* **TASK INSTRUCTIONS**
Exclude the pictures. Transcribe exactly, and only, the lines from the one holding "для ежедневного использования." to the end of the material below.

* **INFORMATION SHOWN**
───
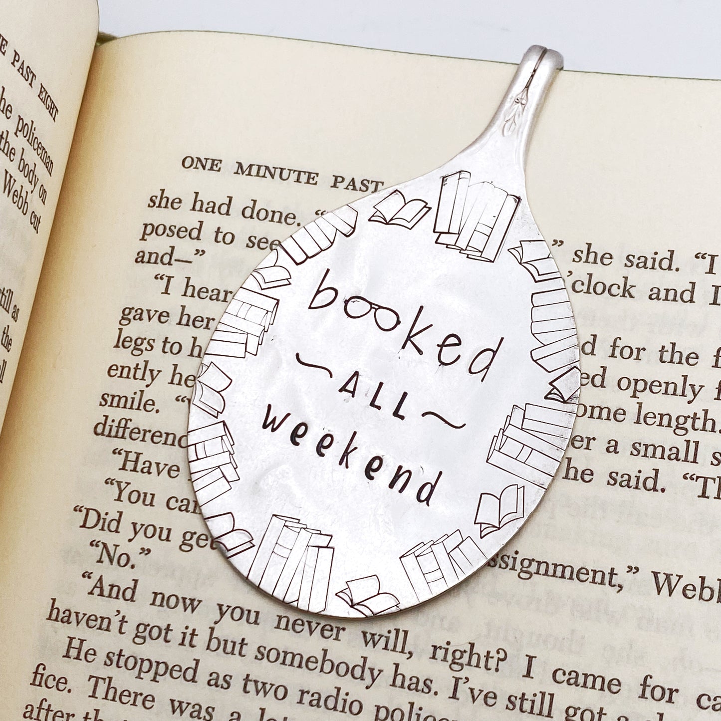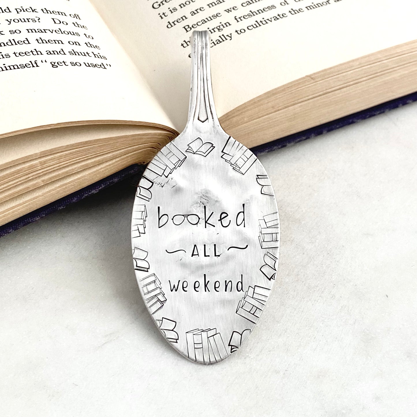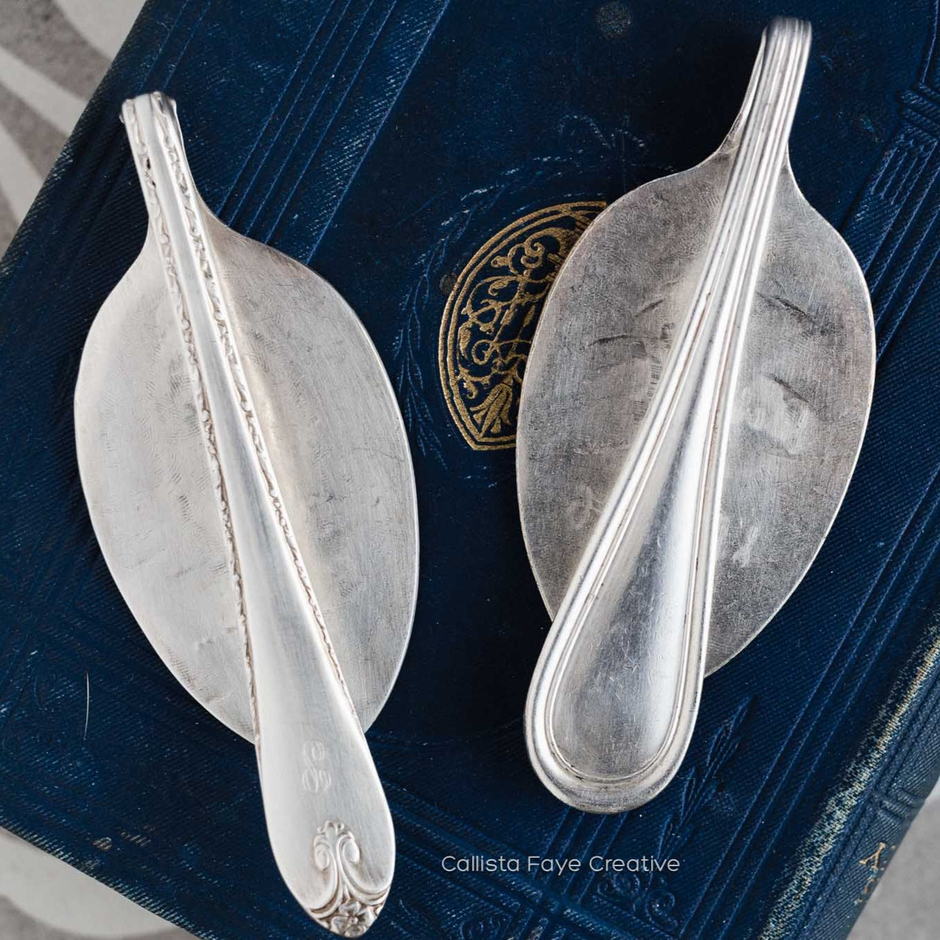 These bookmarks are made with recycled antique spoons that are too worn to use, giving them a brand new life. I flatten the bowl by hand with a mallet, and sometimes dimpling occurs. I use both tablespoons and soup (gumbo) spoons, so the bowl shape may vary.
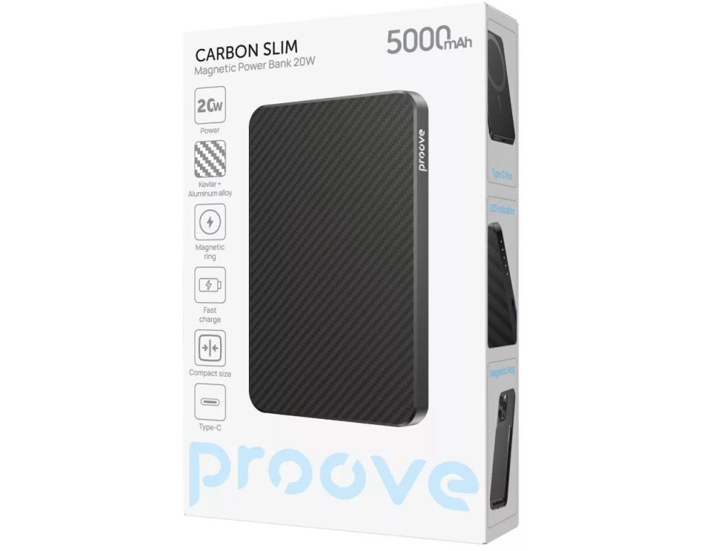 | Proove Carbon Slim 20W 5000 мАч – компактный павербанк для ежедневного использования.
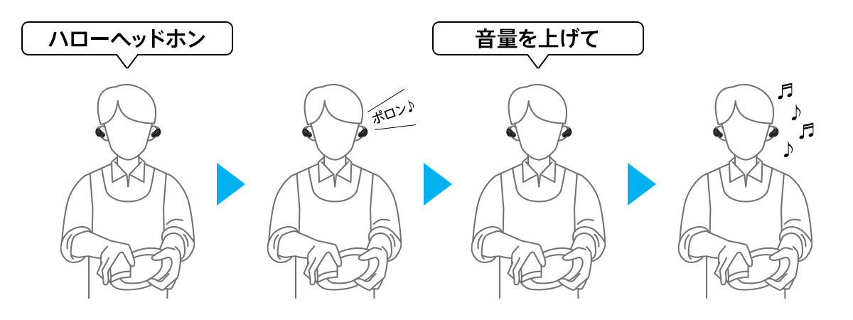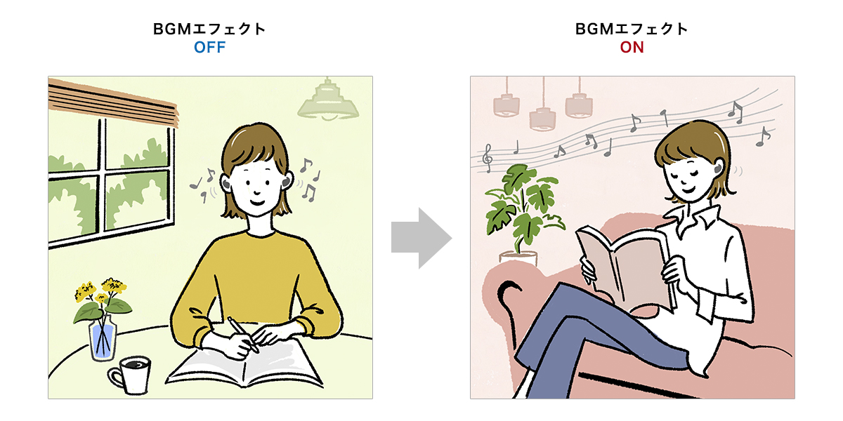 音楽をはじめとしたコンテンツ音が、空間で流れているBGMのように聞こえる機能です。音源が遠くから聞こえるように感じられるため、別の作業をしながらのリスニングに適しています。
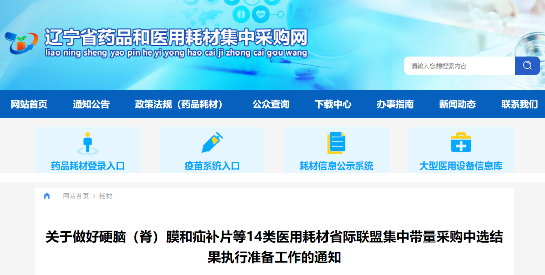 10月16日,辽宁省公共资源交易网发布消息,关于做好硬脑(脊)膜和疝补片等14类医用耗材省际联盟集中带量采购中选结果执行准备工作的通知,对执行前的准备工作做具体要求。
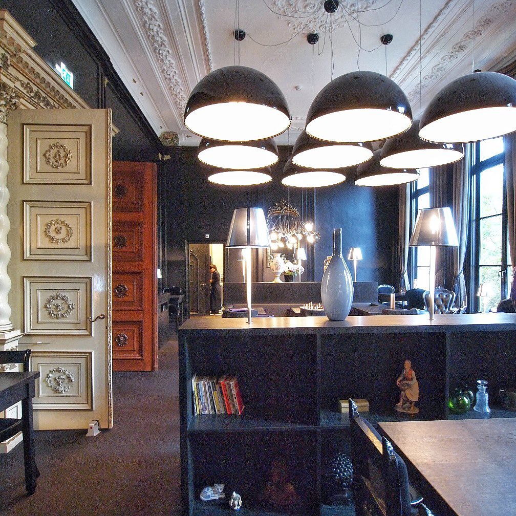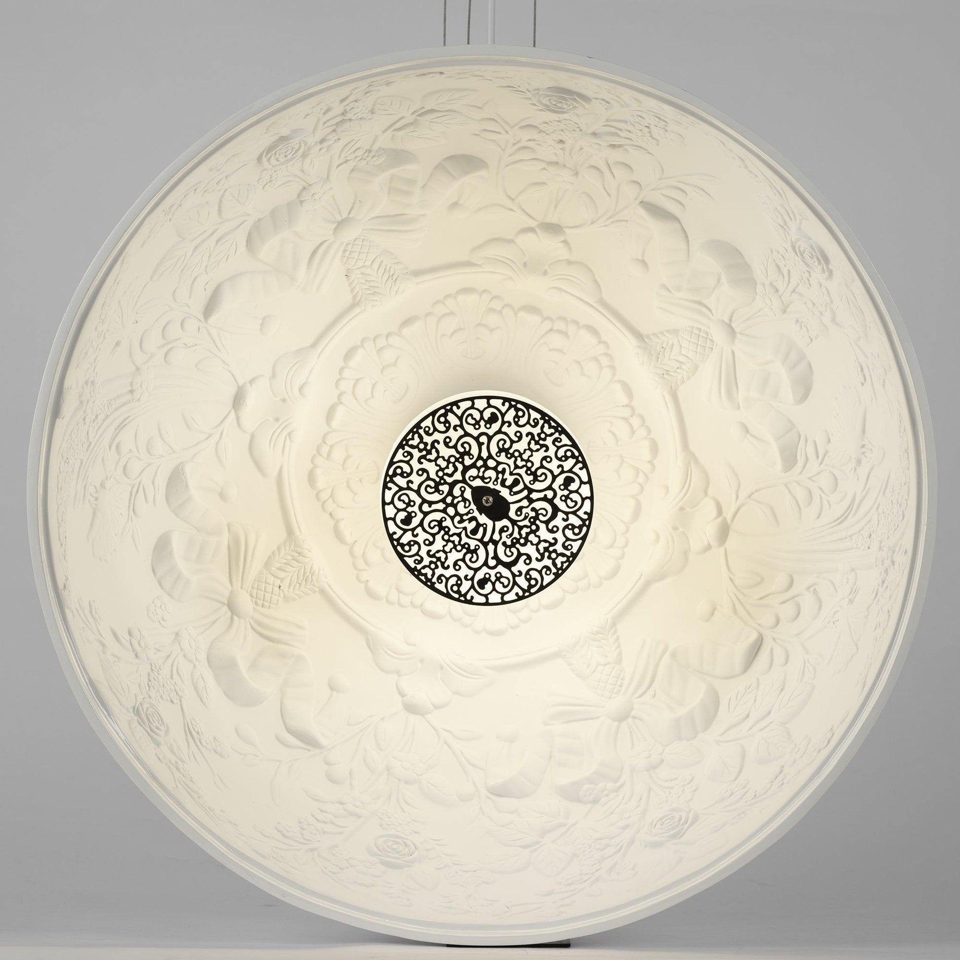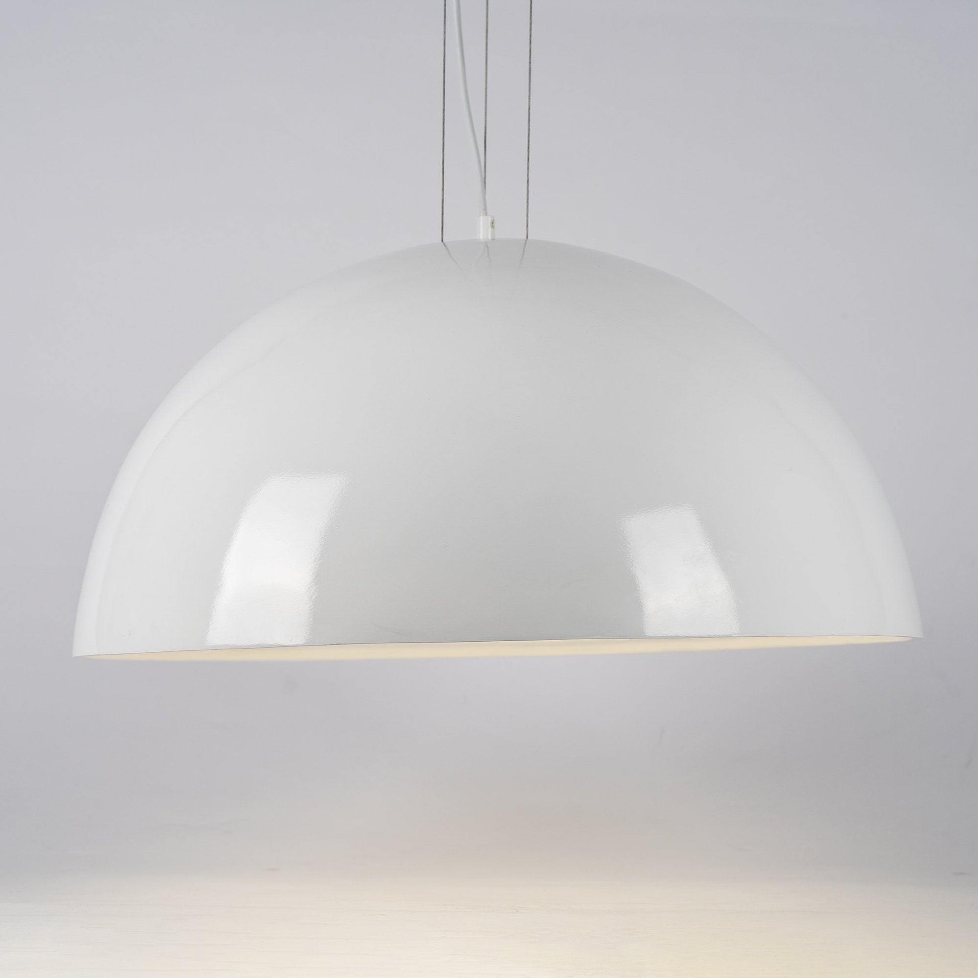 Suspension luminaire providing diffused lighting. Hemispherical, mechanically-processed cast plaster diffuser, painted white inside. Outer finish: rust, glossy black, glossy white or matte gold. Plaster diffuser support in die-cast aluminum alloy. Upper cable gland and blocking ring nut in black injection-molded PC. Shaped, adjustment screws.
───
* **RESPONSE BELOW**
 | Proove Carbon Slim 20W 5000 мАч – компактный павербанк для ежедневного использования.
 音楽をはじめとしたコンテンツ音が、空間で流れているBGMのように聞こえる機能です。音源が遠くから聞こえるように感じられるため、別の作業をしながらのリスニングに適しています。
 10月16日,辽宁省公共资源交易网发布消息,关于做好硬脑(脊)膜和疝补片等14类医用耗材省际联盟集中带量采购中选结果执行准备工作的通知,对执行前的准备工作做具体要求。
 Suspension luminaire providing diffused lighting. Hemispherical, mechanically-processed cast plaster diffuser, painted white inside. Outer finish: rust, glossy black, glossy white or matte gold. Plaster diffuser support in die-cast aluminum alloy. Upper cable gland and blocking ring nut in black injection-molded PC. Shaped, adjustment screws.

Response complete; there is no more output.